Die DDR hat ihr größtes Radsport-Talent der 70er und 80er-Jahren komplett ausgebremst. Die zerstörte Karriere des Wolfgang Lötzsch und seine Unbeugsamkeit waren für die Deutsche Sporthilfe (DSH) der Grund für die Aufnahme in die „Hall of Fame“ des deutschen Sports in der Sonderkategorie „besondere Biografie durch die DDR-Zeit“. Späte Genugtuung für einen von der Diktatur Geächteten.

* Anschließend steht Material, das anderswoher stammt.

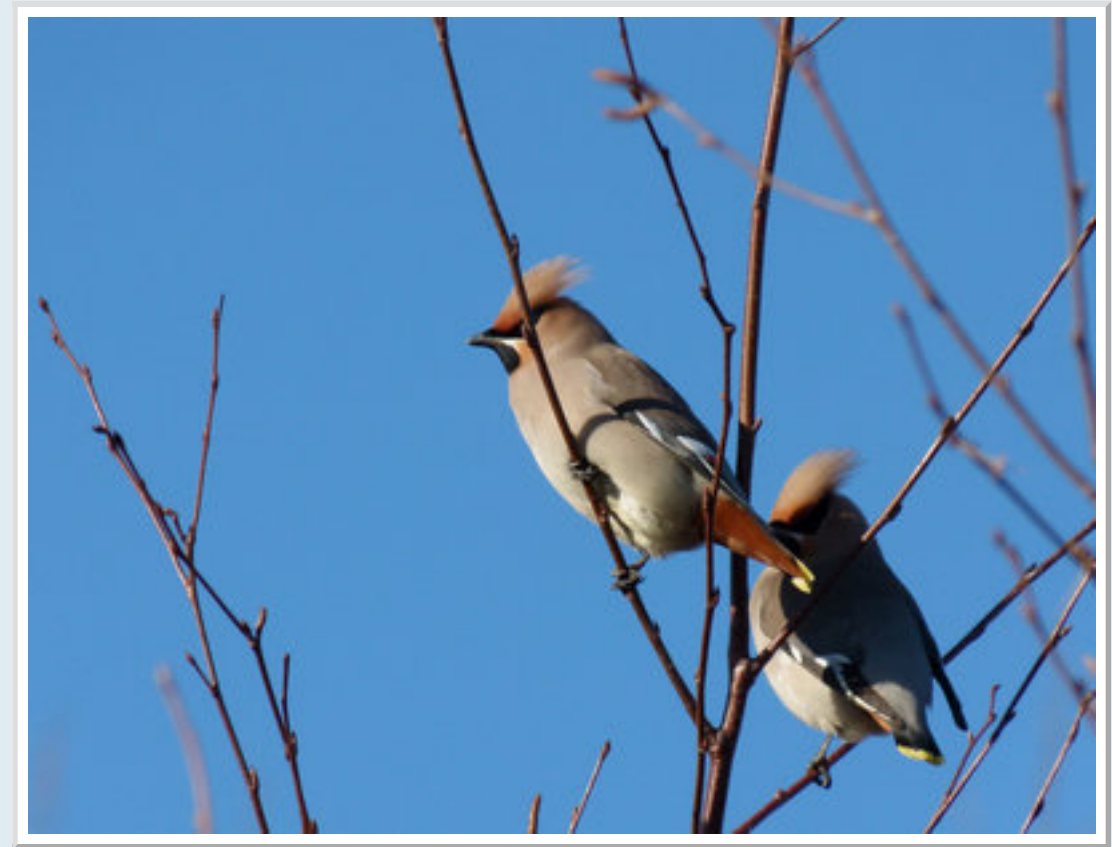
This Waxwing was one of 15 present in the Fowlmead CP car park.
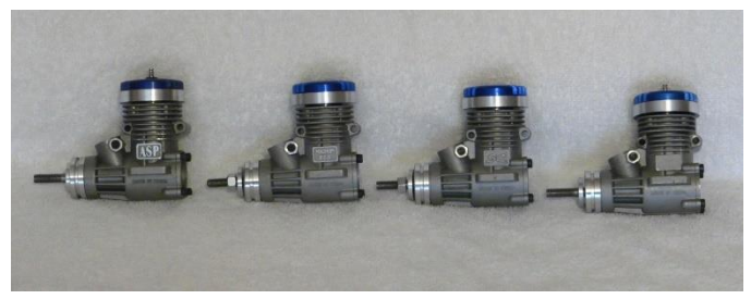
What do we call you today, ASP, magnum, SC or?

The point of all this, as far as Sportsman Goodyear is concerned, is that these engines can be considered identical, and therefore legal. I have personally inspected them, and upon visual inspection, they all look the same. This is NOT a get out of jail free card for cheating contestants, though, so be forewarned!
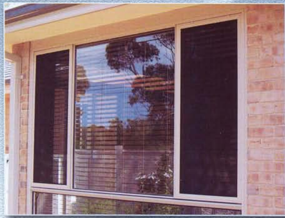
INVISI-GARD Security Screen
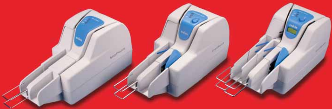
SmartSource Value series
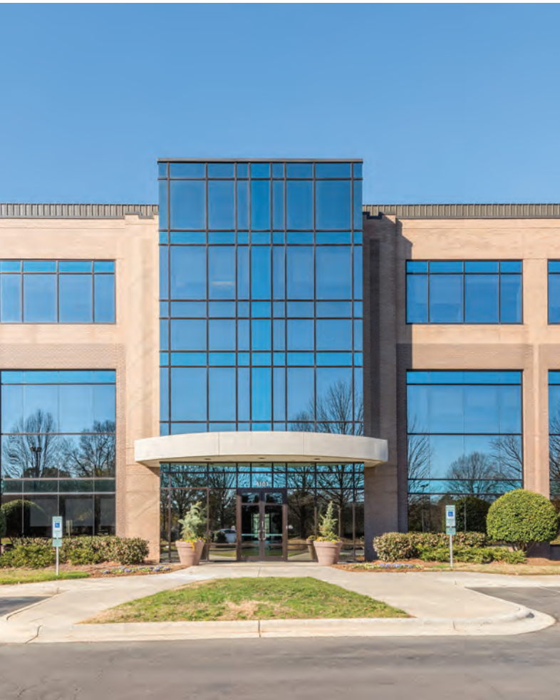
4101 RESEARCH COMMONS
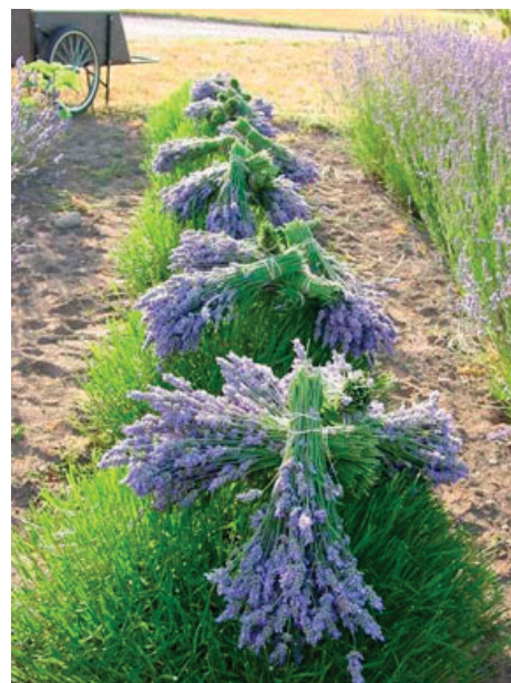
Figure 5: Photo courtesy of Lavender Wind Farm.

Use a sickle or pruning shears to cut stems as long as possible. Form bundles of 50 to 100 stems and secure them with rubber bands (Figure 5). Rubber bands will contract when the stems dry out. Dry the harvested lavender in a cool, dark place where there is good air circulation (Figure 6).

„Als ich von der Sporthilfe angerufen wurde, konnte ich das kaum glauben. Das war eine Überraschung und Riesen-Ehre für mich, mit den ganz Großen des Sports in einem Atemzug genannt zu werden. Ich freue mich sehr auf die Ehrung und habe dafür die Bayern-Rundfahrt abgesagt, bei der ich als Mechaniker arbeiten sollte“, erklärte Lötzsch.

Der am 18. Dezember 1952 in Chemnitz geborene Radsportler wurde als 19-Jähriger wegen Westkontakten und der Weigerung des Parteieintritts von der Stasi kaltgestellt - und 1972 aus seinem damaligen Verein SC Karl-Marx-Stadt sogar „ausdelegiert“. Das bedeutete die Entwurzelung aus dem Leistungssportsystem, Abnabelung von jeglicher Förderung, Isolation und gleichzeitige Überwachung auf Schritt und Tritt.

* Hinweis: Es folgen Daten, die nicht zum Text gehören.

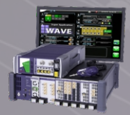
Production & Lab Test
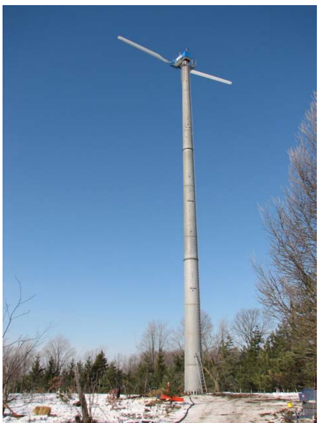
WES<sup>18</sup> in Ontario, Canada.
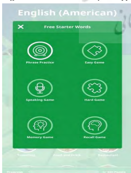
Figure 3 Different Games Provided by the App
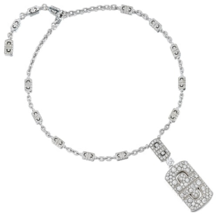
1 Bulgari A Diamond and Gold 'Parentesi' ... Estimate $12,000 — 16,000
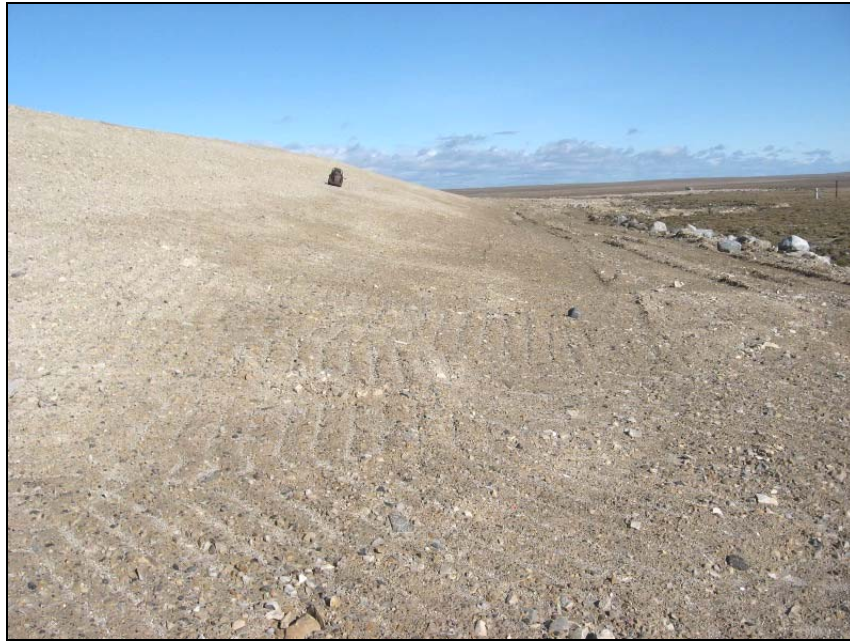
Photograph NH-7. Looking ENE along toe of S slope from SW corner of LF. Backpack located next to old in-filled crack. ↑
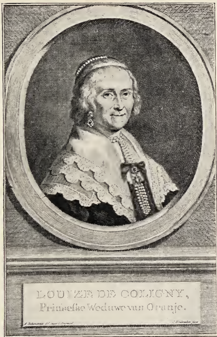
LOUISE DE COLIGNY.
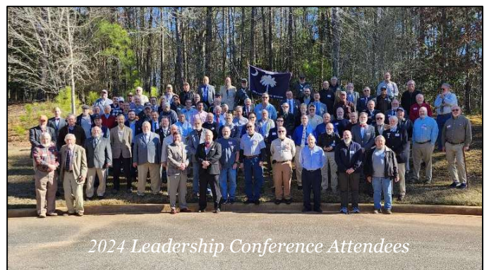
2024 Leadership Conference Attendees
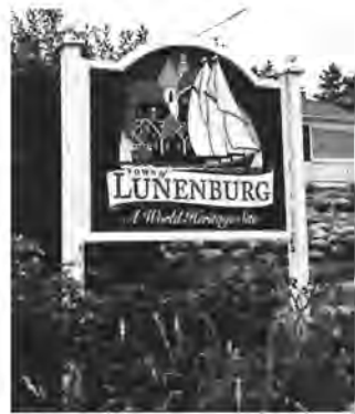
Figure 1. Town Sign, Highway 3

Lunenburg is today one of Nova Scotia’s better known heritage attractions. But to what extent is it an historic site? And how has the necessary preoccupation with tourism, use, profitability, and management—the concerns of “the modern world”—affected historical interpretation? This study discusses some of the more pressing issues in Lunenburg, especially a lack of public interpretation dealing with the colonial period. It also raises other questions such as pressures on the local economy and the environment, and a collage of governmental authorities. Throughout Atlantic Canada, communities which are designating historic districts and marketing themselves as heritage destinations are confronting similar challenges: the economic confines of being a “period piece,” the delicate negotiation of regulatory by-laws, the various demands of tourist audiences. And so a study of Lunenburg sheds light on regional issues, as it parallels circumstances in places like Annapolis Royal and St. Andrew’s by the Sea; these are all planned towns founded around eighteenth-century military fortifications, now national historic districts whose attractive colonial architecture and seaside locations make them prominent tourist destinations and sources of promotional
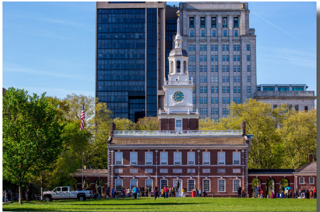
Fig.4: Independence Hall
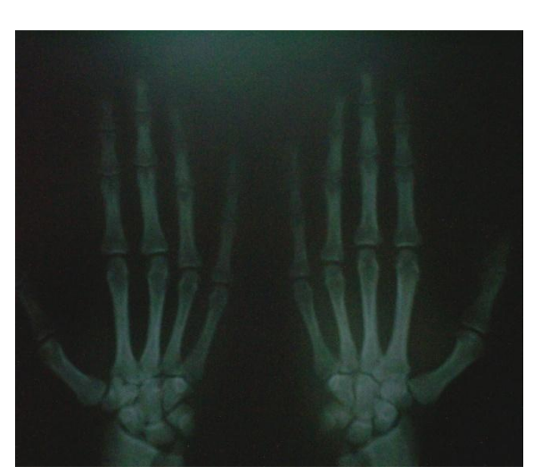
Fig 2: Radiograph of both hands showing coarse trabeculation.

Radiographs of the dorsolumbar spine showed bilateral paravertebral soft-tissue masses with generalized increased density and coarse trabeculae of vertebrae (Fig 1). X -ray skull was almost normal, however that of the hands revealed coarse trabeculation (Fig 2). Ultrasound abdomen revealed hepatomegaly and splenomegaly with large echogenic foci in spleen and a lobulated hypoechoic mass in presacral space which was indenting the urinary bladder in its lower part.
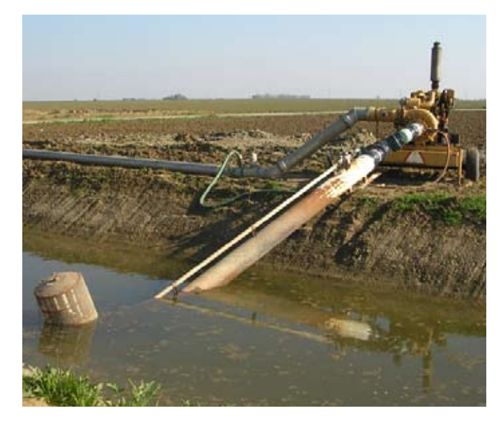
Figure 6. A rotary pump intake screen and diesel engine used for tailwater return.
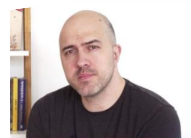
SZABÓ SIMON Színész

In a category dominated by the all-powerful digital players, the team in Hungary created an online retail presence that felt personal, compelling and totally authentic. They encouraged local writers, artists, musicians and journalists to photograph their own bookshelves and post them on social media. They then made them shoppable and placed them on the shop site and across digital channels. A wonderful idea which resulted in a sales increase of 910%.
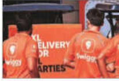
Agreement has been signed to onboard cooperative dairy on the e-commerce platform

The partnership aims to support cooperative brands in marketing, promotion, consumer technology and capacity building, according to the ministry. "The collaboration comes as the UN has declared 2025 as the International Year of Cooperation, with Swiggy and the ministry planning an awareness campaign to promote cooperative movements nationwide.
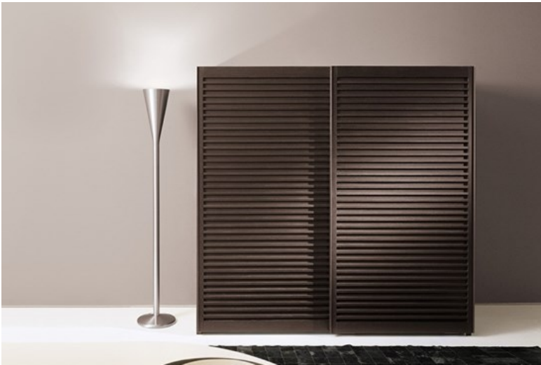
design: Pietro Arosio

The internal fitting can be decided according to the desires of the client.
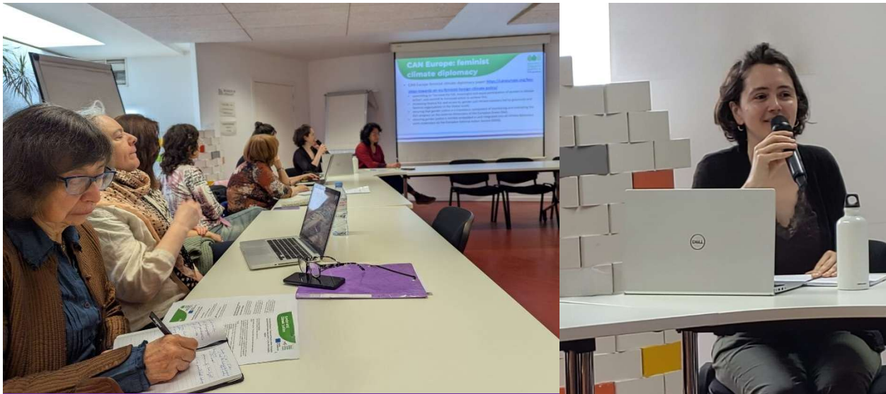
Participants listening to Rachel Simon

This has profound implications for feminist climate advocacy. Petromasculinity marginalizes care-based, equity-focused solutions, reinforcing extractive models that disproportionately harm women, racialized groups, and communities in the Global South. The climate crisis is being reframed not as a justice issue, but as a security risk, further sidelining intersectional approaches.

Die DDR verzichtete ausgerechnet beim Klassenfeind in München bei den Olympischen Spielen auf einen Medaillen-Garant. Sein außergewöhnliches Talent war unbestritten - erstmals übertraf ein Fahrer die medizinischen Werte des legendären Täve Schur. Aber Lötzsch ließ sich nicht restlos abschieben - ohne sein Rad konnte und wollte der elegante Techniker nicht leben. Nach seiner Demission siegte er einfach weiter - als Hobbyradler der BSG Wismut und anderer Betriebssportgemeinschaften und schlug dabei die DDR-Elite Olaf Ludwig und Uwe Ampler.

1976 wurde er wegen „Staatsverleumdung“ im Abschluss an einen feuchtfröhlichen Polterabend zu zehn Monaten Gefängnis verurteilt und war bis 1979 für alle Rennen gesperrt. In seiner 1 500 Seiten starken Opferakte begegnete Lötzsch, dessen Schicksal im Dokumentarfilm „Sportsfreund Lötzsch“ geschildert wird, später etwa 50 Stasi-Spitzeln. Drei Ausreiseanträge wurden abgelehnt.

In seinem ersten Rennen nach der Sperre deklassierte er der Reihe nach DDR-Kaderathleten. In der Slowakei siegte er 1981 bei einem heimlichen Start im Alleingang mit fast fünf Minuten vor dem wenige Wochen später gekürten Weltmeister Andrej Wedernikow aus der UdSSR. 1983 gewann er den Klassiker Rund um Berlin, 1986 das damals weltweit längste Amateurrennen Prag-Karlsbad-Prag. Die politische Wende kam zu spät für ihn - anders als Ludwig und Ampler war er 1989 für den Übertritt ins Profilager zu alt.

Sein letztes Rennen bestritt Lötzsch im Alter von 42 Jahren 1995 in Chemnitz. Er holte den 550. Sieg seiner Karriere, Bundespräsident Roman Herzog verlieh ihm das Bundesverdienstkreuz. Zuletzt arbeitete der heute 59-Jährige als Mechaniker im unterklassigen Radsportteam NSP. Davor durfte er in gleicher Funktion bei den damaligen Topteams Gerolsteiner und Milram wenigstens noch am großen Radsport schnuppern.